Exercise instructions:
Copy exactly, and only, the lines from the line containing "Estação chegou antes" through the last line of the records below, both included.

Records from a collection:
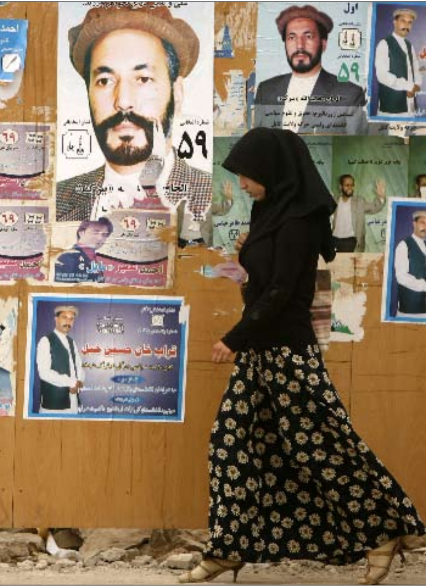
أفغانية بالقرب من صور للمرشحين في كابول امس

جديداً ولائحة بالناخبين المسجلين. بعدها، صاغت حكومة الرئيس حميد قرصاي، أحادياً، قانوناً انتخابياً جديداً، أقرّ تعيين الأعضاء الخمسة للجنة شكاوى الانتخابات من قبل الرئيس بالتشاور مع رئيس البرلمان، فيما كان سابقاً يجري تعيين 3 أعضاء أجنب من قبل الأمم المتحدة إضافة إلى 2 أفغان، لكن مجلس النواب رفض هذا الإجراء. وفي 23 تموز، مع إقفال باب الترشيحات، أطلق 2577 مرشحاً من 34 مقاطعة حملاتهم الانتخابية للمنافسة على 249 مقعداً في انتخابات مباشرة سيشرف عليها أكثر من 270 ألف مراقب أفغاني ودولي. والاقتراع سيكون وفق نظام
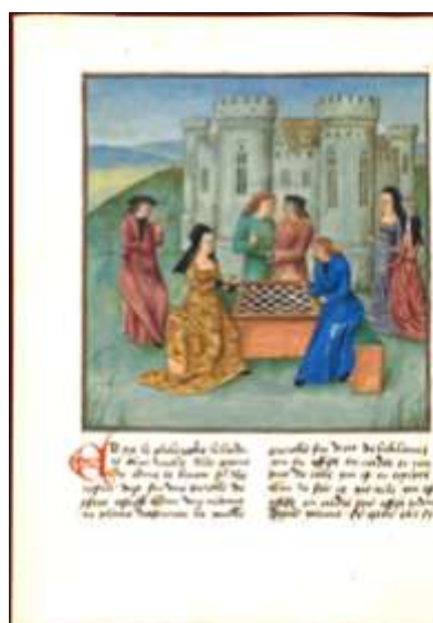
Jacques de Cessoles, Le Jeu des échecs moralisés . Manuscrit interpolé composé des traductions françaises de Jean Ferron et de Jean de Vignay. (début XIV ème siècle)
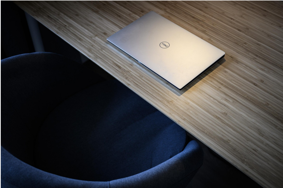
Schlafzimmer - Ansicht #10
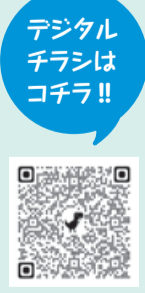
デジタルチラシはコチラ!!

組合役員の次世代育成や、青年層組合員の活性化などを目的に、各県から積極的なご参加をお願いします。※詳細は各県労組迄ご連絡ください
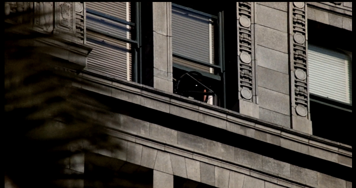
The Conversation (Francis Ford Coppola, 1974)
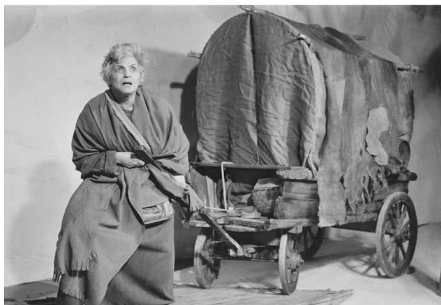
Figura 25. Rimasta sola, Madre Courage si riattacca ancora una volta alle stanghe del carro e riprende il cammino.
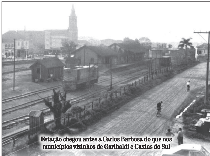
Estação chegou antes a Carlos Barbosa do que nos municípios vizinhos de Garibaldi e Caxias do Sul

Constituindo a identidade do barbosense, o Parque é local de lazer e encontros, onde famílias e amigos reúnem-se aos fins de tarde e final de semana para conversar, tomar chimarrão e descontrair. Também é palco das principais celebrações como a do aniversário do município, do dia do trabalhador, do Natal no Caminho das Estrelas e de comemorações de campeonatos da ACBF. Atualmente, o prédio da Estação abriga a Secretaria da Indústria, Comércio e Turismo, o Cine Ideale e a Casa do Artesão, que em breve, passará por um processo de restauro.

Response area:
Estação chegou antes a Carlos Barbosa do que nos municípios vizinhos de Garibaldi e Caxias do Sul

Constituindo a identidade do barbosense, o Parque é local de lazer e encontros, onde famílias e amigos reúnem-se aos fins de tarde e final de semana para conversar, tomar chimarrão e descontrair. Também é palco das principais celebrações como a do aniversário do município, do dia do trabalhador, do Natal no Caminho das Estrelas e de comemorações de campeonatos da ACBF. Atualmente, o prédio da Estação abriga a Secretaria da Indústria, Comércio e Turismo, o Cine Ideale e a Casa do Artesão, que em breve, passará por um processo de restauro.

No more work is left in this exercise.